The problem with "renewables" is that they are not 24/7, so you need gas power stations to make up the fluctuating generation. The more wind you install, the more gas you need to install. Nuclear is a good solution - the very best we have - but not if you also have a lot of wind generation. And nuclear is not (yet) politically achievable in Germany... well, give it a few more weeks, the landscape on the mainland is changing fast
For an engineering forum this is a place full of misconceptions and pseudoscience. Maybe 10 years ago, you would have been correct.
However now we can build models on a certain number of wind turbines, combined with a certain amount of storage, and in the southern parts of the country combining this with solar PV, and test such a system in various scenarios that shows that we will never have a power outage in 300 years based on known and changing weather patterns. No (natural) gas required, no nuclear required.

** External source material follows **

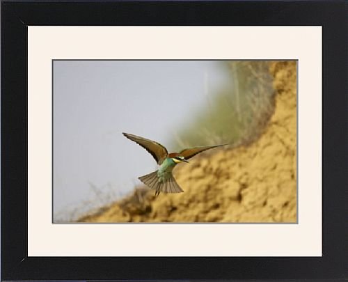 14 x11 Framed Print, Black Satin Frame Off-White Digital Mat. showing Bee-eater - Coming in to land on perch. COS-975 Bee-eater - Coming in to land on perch Extramadura, Spain Merops apiaster Bill Coster Please note that prints are for personal display purposes only and may not be reproduced in any way. prints ardea 44 (0) 20 8672 2067. Chosen by Ardea Wildlife Pets. 14 x11 wooden frame with digital mat and RA4 print. Finished back including

One of the best technologies (in my opinion) is to generate hydrogen from electricity when there is an excess of renewable supply. This hydrogen can be used for domestic heating, it could be used to power trains and trucks and industrial processes, or it could be converted back into electricity when there is a shortfall. Short-term (1-8 hours) storage could be battery-based, combined with demand shifting things like EVs into charging overnight.
You don't need nuclear; that's not to say it's a bad technology. Nuclear is expensive, so except for a few locations (inland areas without access to much wind, for instance) it isn't really that sensible of a choice any more. This is why ~2-3GW of new wind is being installed every year, not nuclear. I think Hinckley Point C will end up being seen as a massive white elephant, especially given the cost of the build out.